* _The task_: From the line with "Gas Mens Norton" to the line with "Maxi scialle in", retype each line exactly as it stands in the records below, but skip the pictures.

* _Information_:
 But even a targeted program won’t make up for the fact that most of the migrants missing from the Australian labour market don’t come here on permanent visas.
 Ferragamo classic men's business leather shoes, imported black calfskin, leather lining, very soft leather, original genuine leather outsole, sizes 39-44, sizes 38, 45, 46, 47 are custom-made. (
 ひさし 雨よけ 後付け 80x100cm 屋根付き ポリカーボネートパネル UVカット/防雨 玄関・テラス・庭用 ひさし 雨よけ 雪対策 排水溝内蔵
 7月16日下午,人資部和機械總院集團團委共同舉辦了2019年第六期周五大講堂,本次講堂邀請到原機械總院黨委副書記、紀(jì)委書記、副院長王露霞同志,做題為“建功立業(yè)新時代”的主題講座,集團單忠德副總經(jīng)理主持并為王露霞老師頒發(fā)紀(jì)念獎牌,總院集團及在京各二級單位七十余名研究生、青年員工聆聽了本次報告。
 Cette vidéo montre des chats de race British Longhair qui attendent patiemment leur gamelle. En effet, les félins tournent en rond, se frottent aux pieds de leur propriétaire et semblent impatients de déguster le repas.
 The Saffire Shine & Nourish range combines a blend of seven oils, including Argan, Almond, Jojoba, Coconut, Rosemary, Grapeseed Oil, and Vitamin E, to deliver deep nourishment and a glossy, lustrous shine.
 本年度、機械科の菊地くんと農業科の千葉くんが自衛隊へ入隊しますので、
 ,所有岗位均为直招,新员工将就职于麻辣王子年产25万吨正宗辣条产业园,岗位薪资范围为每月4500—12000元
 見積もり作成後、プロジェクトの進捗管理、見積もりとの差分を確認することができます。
* * *
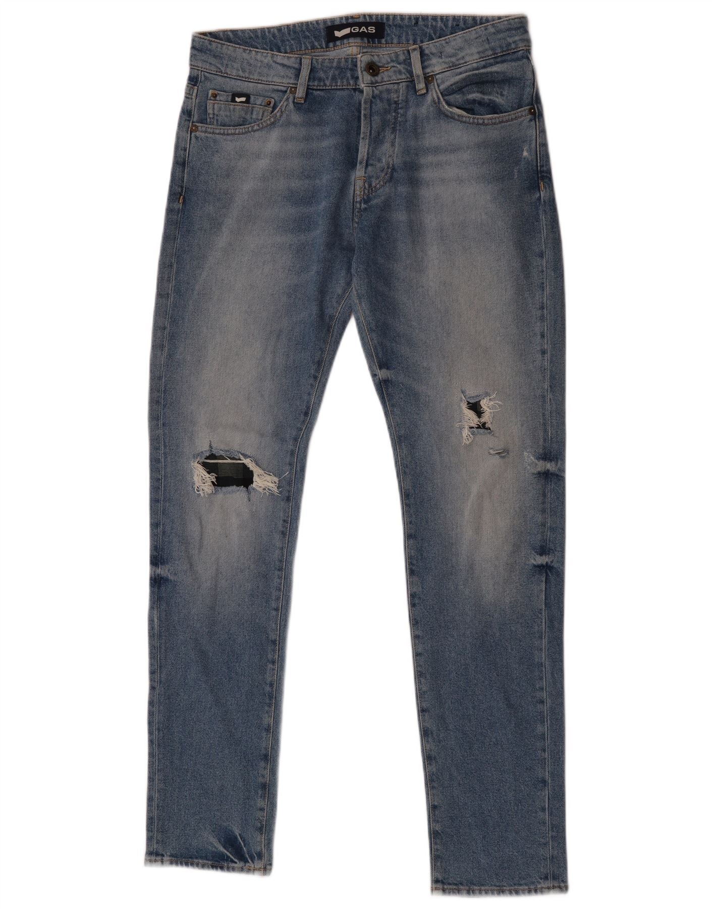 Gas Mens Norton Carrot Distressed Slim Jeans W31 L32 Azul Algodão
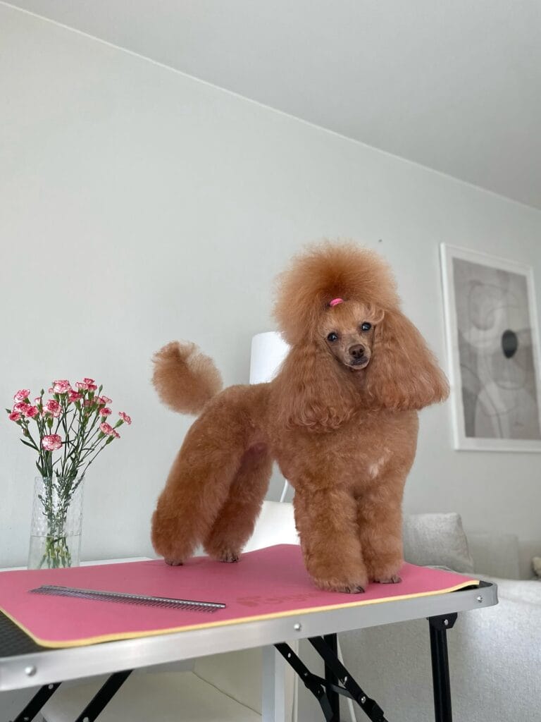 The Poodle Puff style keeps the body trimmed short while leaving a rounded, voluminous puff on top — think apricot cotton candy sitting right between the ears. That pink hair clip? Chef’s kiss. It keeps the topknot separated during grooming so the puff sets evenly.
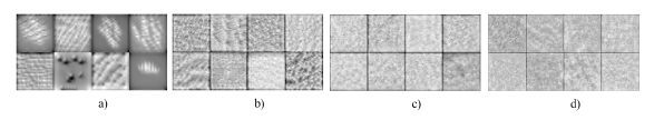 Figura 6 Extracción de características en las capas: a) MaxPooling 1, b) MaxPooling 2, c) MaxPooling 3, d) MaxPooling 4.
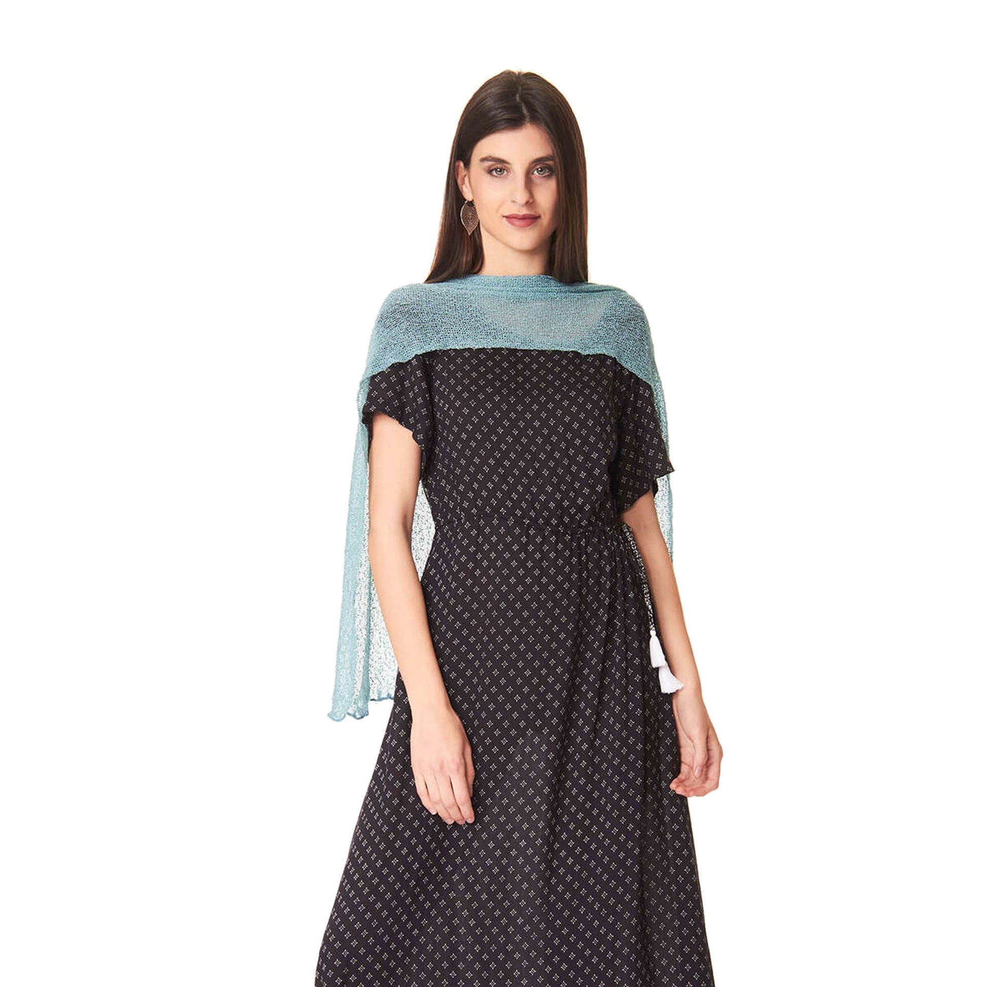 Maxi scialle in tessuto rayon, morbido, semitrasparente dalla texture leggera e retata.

* _Reply to the exercise_:
 Gas Mens Norton Carrot Distressed Slim Jeans W31 L32 Azul Algodão
 The Poodle Puff style keeps the body trimmed short while leaving a rounded, voluminous puff on top — think apricot cotton candy sitting right between the ears. That pink hair clip? Chef’s kiss. It keeps the topknot separated during grooming so the puff sets evenly.
 Figura 6 Extracción de características en las capas: a) MaxPooling 1, b) MaxPooling 2, c) MaxPooling 3, d) MaxPooling 4.
 Maxi scialle in tessuto rayon, morbido, semitrasparente dalla texture leggera e retata.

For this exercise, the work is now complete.